3 Isosceles Trapezoids
What Is It About?
A Mathematical Droodle

Let there be 6 points O₁, O₂, O₃, O₄, O₅ and O₆. Assume also that in the hexagon O₁O₂O₃O₄O₅O₆ there are three pairs of parallel sides: O₁O₂ || O₄O₅, O₂O₃ || O₅O₆ and O₃O₄ || O₆O₁ and that each pair of parallel sides defines an isosceles trapezoid. The vertices of each of the trapezoids lie on a circle. What the applet is supposed to suggest is that if two of the circles coincide, then the third circle coincides with the other two.

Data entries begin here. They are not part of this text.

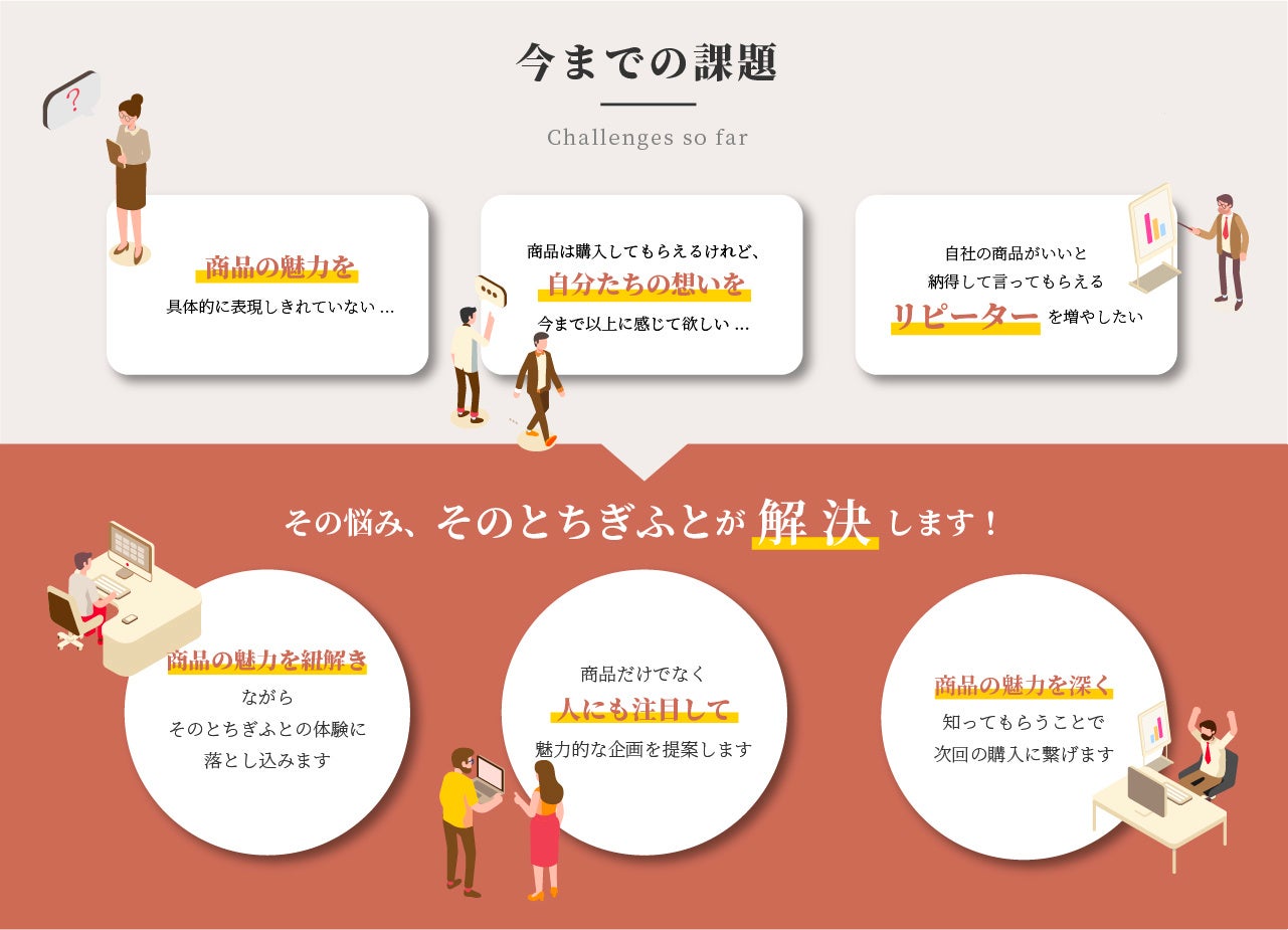 地域の魅力を発信したい事業者様の商品に想いをコンテンツ化してそのとちぎふと上に掲載し、地域特産品等に興味を持っているユーザーが商品とコンテンツを併せて楽しむプラットフォームである。
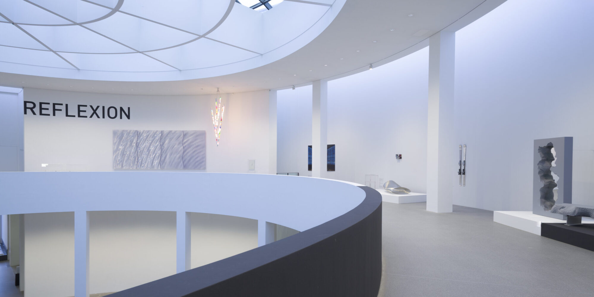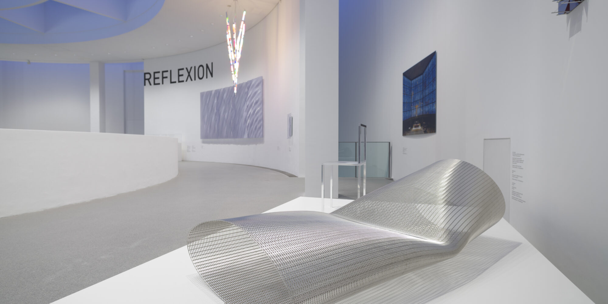Die zweite gemeinschaftlich kuratierte Ausstellung der vier Museen in der Pinakothek der Moderne widmet sich dem Thema der Reflexion. Der Begriff Reflexion wird dabei wörtlich und sinnbildlich verstanden, als optisches Phänomen, als Zeichen prüfenden Nachdenkens oder als Mittel künstlerischen Ausdrucks. Während die erste Jubiläums-Ausstellung die Gründungszeit der Neuen Sammlung, die Moderne der 1920/30er Jahre in den Fokus nahm, ist die Ausstellung „REFLEXION“ zeitlich weiter gefasst und führt bis zur Gegenwart. Unter den drei Leitgedanken Licht, Spiegel, Transparenz sind Objekte aus den Bereichen Bildende Kunst, Architektur, Graphik und Design gegenübergestellt.
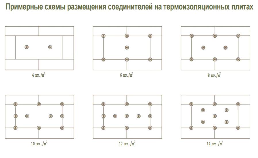 Количество дюбелей для пенопласта от 4 до 6 шт./м². При определении длины дюбелей нужно учитывать толщину старой штукатурки, слой клея и толщину термоизоляционного материала. Следует иметь в виду, что, несмотря на несущую способность основания в случае зданий высотой более 20 м следует в обязательном порядке применять механические соединения. Краевые зоны здания, где возникают наибольшие силы, вызванные ветром, т. е. от 1 до 2 м от края, проект утепления должен предусматривать увеличенное количество дюбелей в данных местах.
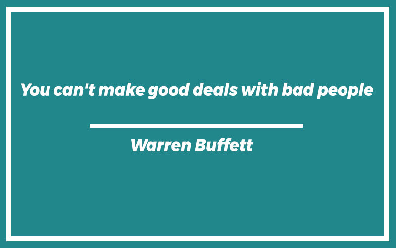 “You can’t make good deals with bad people.”Warren Buffett
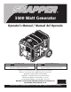 3500 Watt Generator Operator’s Manual / Manual del Operario WARNING ADVERTENCIA Before using this product, read this manual and follow all Safety Rules and Operating Instructions. Antes de utilizar el producto, lea este manual y siga todas las Reglas de Seguridad e Instrucciones de Uso. Snapper™ is a licensed trademark of Briggs & Stratton Power Products. Snapper™ se usa abajo licencia a Briggs & Stratton Power Products.
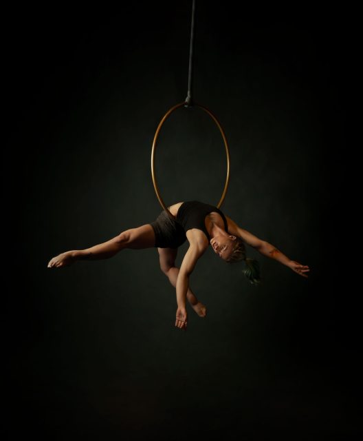 Jenny Tufts lives in Sligo and is an American-born, Ireland-based circus artist specialising in aerial hoop and spinning bar apparatus. With a diverse background that includes performances across three continents and viral success with Disney in 2022, Jenny is known for her combination of technical skill and creative expression.
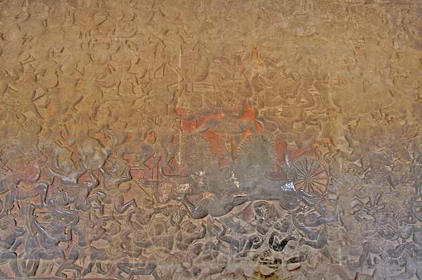 Caption: Ankor Wat: carving with remnants of color
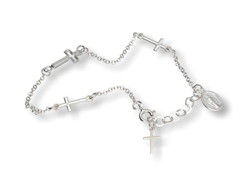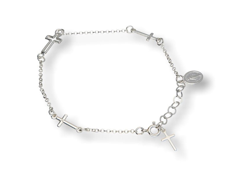 Bransoletka srebrna z łącznikami Krzyży Świętych i wizerunkiem "Cudowny Medalik"
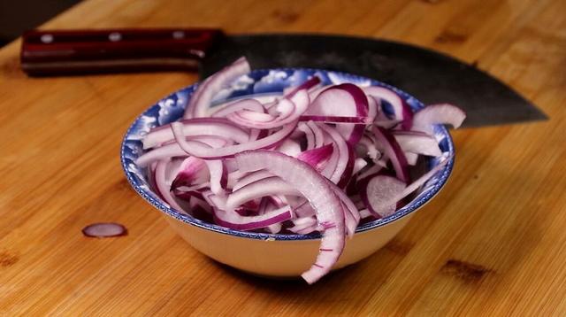 2、切配菜:大葱切成片,姜切成丝,香菇去根,然后切成片,将洋葱切成丝
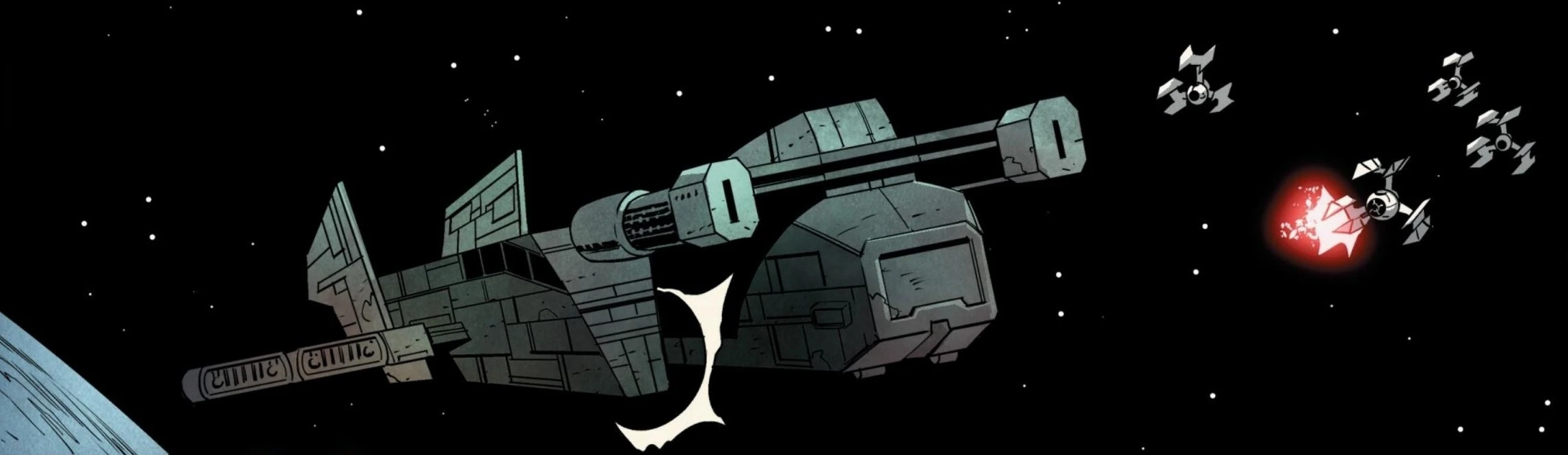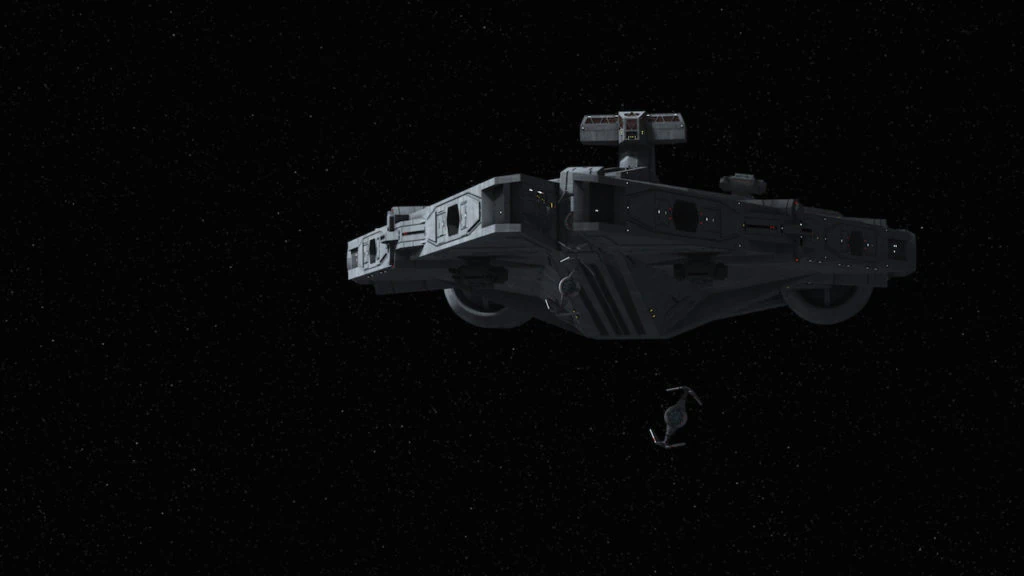 Unable to jump to lightspeed in order to avoid detection, the Darkhawk drifted toward the vessel as the freighter had traveled deep within Batuu's gravity well. The Grysk vessel departed Batuu's orbit and attempted to flee after detecting the freighter. Piloting their TIE Defenders, Defender Squadron One then flew past the Darkhawk, and Skerris announced the unit's presence to Kimmund. The commander explained his crew's objective to capture the vessel intact and asked if Skerris' unit could damage and prevent it from escaping. The pilot obliged and noted that Faro had also suggested the same action. When the Grysks fired upon the squadron, Defender Squadron One evaded their attacks and proceeded to damage the vessel. After Skerris and his squadron finished their attack run and created an opening in the ship's aft, the pilot asked Kimmund if the Darkhawk's crew required another entry point in the vessel for boarding. Instead, Kimmund requested that the squadron pursue the vessel's escorts, and Defender Squadron One obliged.[4]

(Due to this statement, it is impossible to have all three trapezoids isosceles unless all three circles coincide. The applet, therefore, insures that the red and the blue quadrilaterals are isosceles trapezoids. The green quadrilateral acquires that symmetry if and only if the three circles coincide.)

Lemma

Let each side of the hexagon O₁O₂O₃O₄O₅O₆ be parallel to its opposite mate. Then the hexagon is inscribable in a circle if and only if the three pairs of opposite sides define isosceles trapezoids.

Proof ⁽¹⁾

First, assume that the three quadrilaterals O₁O₂O₄O₅, O₂O₃O₅O₆ and O₃O₄O₆O₁ are all isosceles trapezoids. The circumcenter of the first lies on the common perpendicular bisector of O₁O₂ and O₄O₅. The circumcenter of O₂O₃O₅O₆ lies on the common perpendicular bisector of O₂O₃ and O₅O₆. Consider the point S of intersection of the two lines. I wish to show that all six points are equidistant from S.

By construction, points O₁ and O₂ certainly are (from the first trapezoid) as are points O₂ and O₃ (from the second trapezoid). Also by construction, SO₄ = SO₅ and also SO₅ = SO₆.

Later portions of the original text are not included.